As per the group’s filing on Bursa Malaysia, Maxis’ normalised profit for year to date (YTD) 2017 amounted to RM1.56 billion, up nine per cent from the corresponding period of the previous year.
Maxis’ 9MFY17 normalised net profit thus came in above AmInvestment Bank Bhd’s ( AmInvestment Bank) expectations, accounting for 83 per cent of the research firm’s earlier FY17F earnings and 80 per cent of consensus.
“The stronger-than-expected results is partly due to the absence of any impact from the expected loss of data roaming revenues due to the termination of Maxis’ 3G radio access network arrangement with U Mobile Sdn Bhd in stages over an 18-month period ending on December 27, 2018.
“Management now indicates that the impact will only be felt in FY18F,” AmInvestment Bank said.
As for the research arm of MIDF Amanah Investment Bank Bhd (MIDF Research), the group’s financial performance was inline with its and consensus’ expectations, accounting for 79 per cent and 80 per cent of FY17 full year earnings estimates respectively.

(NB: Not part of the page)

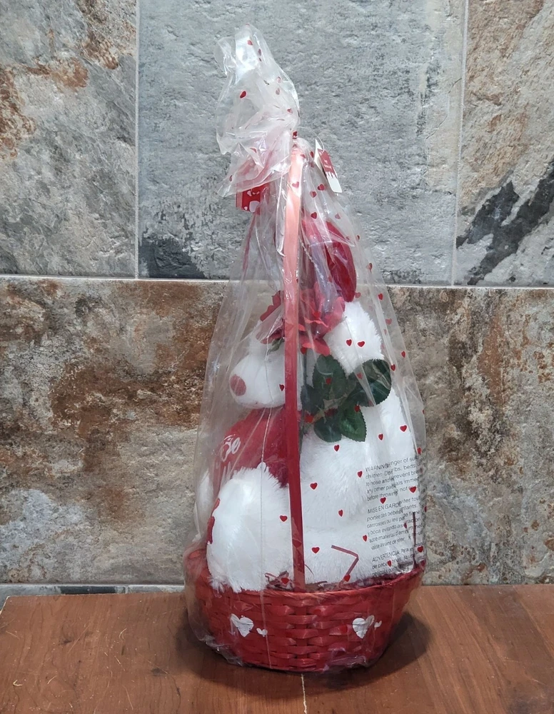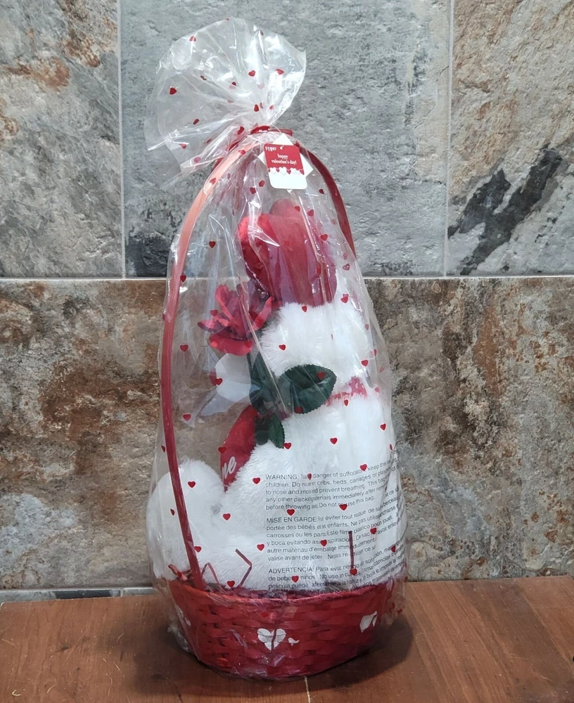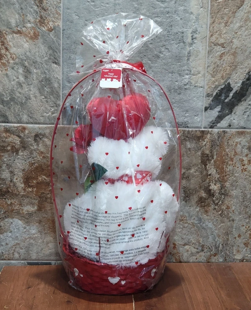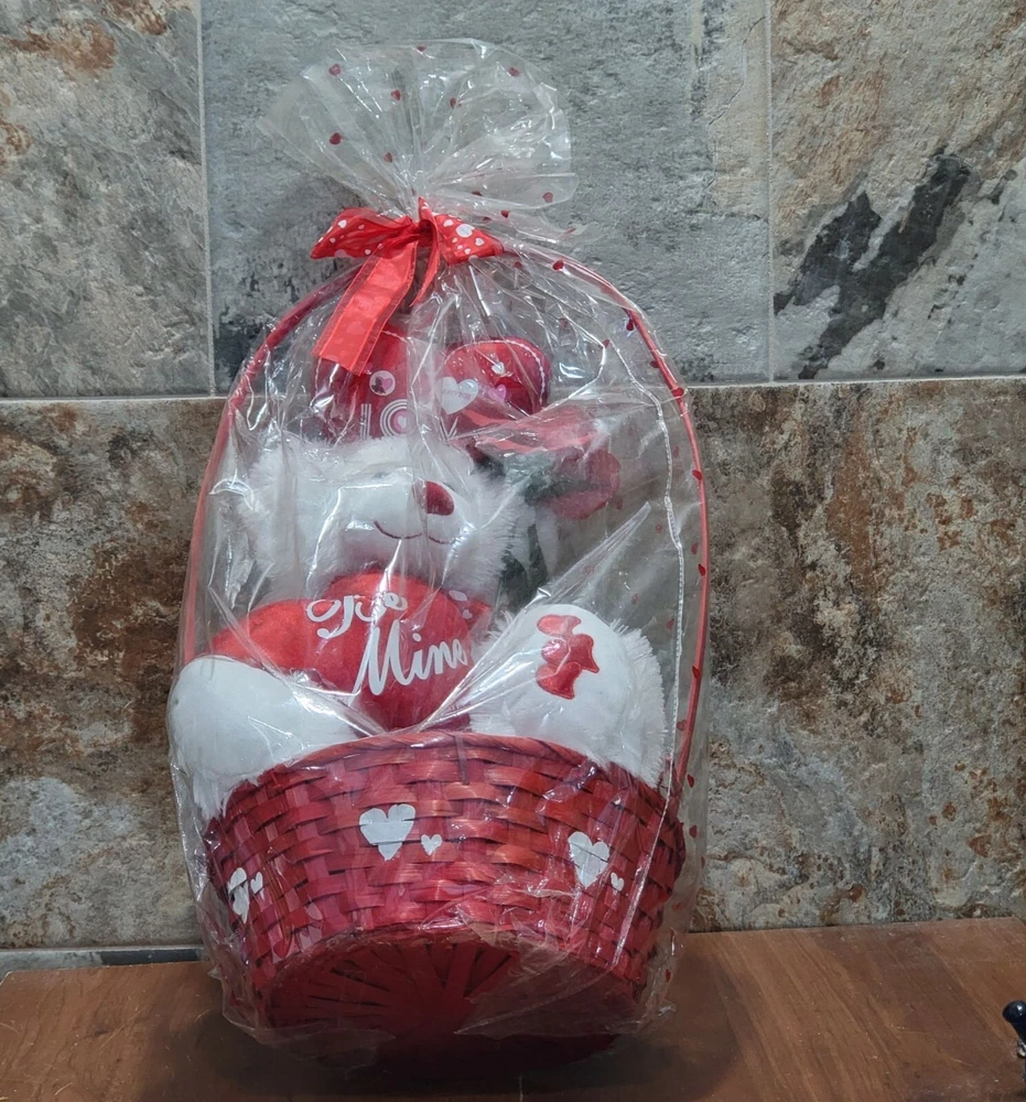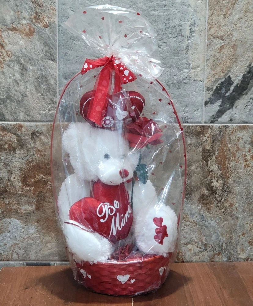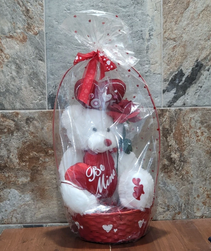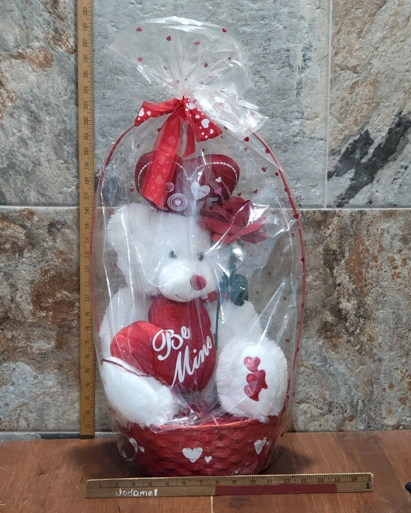 Valentines Day Gift Be Mine Bear Plush Love Heart in Gift Basket Stuffed Animal Measurement: 13 x 11 x 22 in Weight: 1 lb 4.8 oz Your item may come in a re-used box with some labeling from other companies In my effort to recycle and re-use. Thank you for supporting my small business. Features: • Plush • China Condition: Pre-Owned Good

On dividends, AmInvestment Bank’s noted that Maxis’ 9MFY17 dividend of 15sen per share was within market expectations and management’s payout policy of 75 per cent.
It also came in within MIDF Research’s and consensus expectations, accounting for both 75 per cent of FY17 full year dividend of 20sen per share.
A m I nve s t m e n t Bank highlighted that management maintained its guidance for a FY17F flat service revenue and normalised earnings before interest, tax, depreciation and amortisation (EBITDA).
With a flat capital expenditure ( capex) guidance as well, the research firm retained its capex assumption of 14 per cent of service revenue, even though Maxis’ 9MFY17 capital expenditure of RM647 million (10 per cent of service revenue) was lower by 13 per cent year on year (y-o-y), on expectations of higher rollouts towards the year-end.
On a more specific note, MIDF Research expected the prepaid subscriber base to decline at a slower pace following the reinvigoration of the mobile internet passes towards the end of the third quarter of 2017 (3Q17).
MIDF Researsch noted that the revamped MaxisONE plan, which offer better value proposition, has continues to show good traction as the postpaid subscriber base continues to increase steadily.
This, however, negatively impact the postpaid average revenue per user (ARPU) as the research arm viewed that the postpaid subscribers will be inclined to sign-up the entry level postpaid plan.
“On the contrary, prepaid ARPU continue to grow at a steady pace as Hotlink Fast subscribers increase their data usage.
“Nonetheless, due to intense competition, the prepaid subscriber base continues to dwindle,” it said.
In the second half of FY17 (2HFY17), MIDF Research viewed that it would be difficult for Maxis to grow the prepaid revenue as the research arm expected Webe to disrupt the prepaid market.
Meanwhile, the research arm expected Maxis’ dividend yield to remain below four per cent to meet the group’s capital commitment and prepare for the upcoming spectrum reallocation exercise.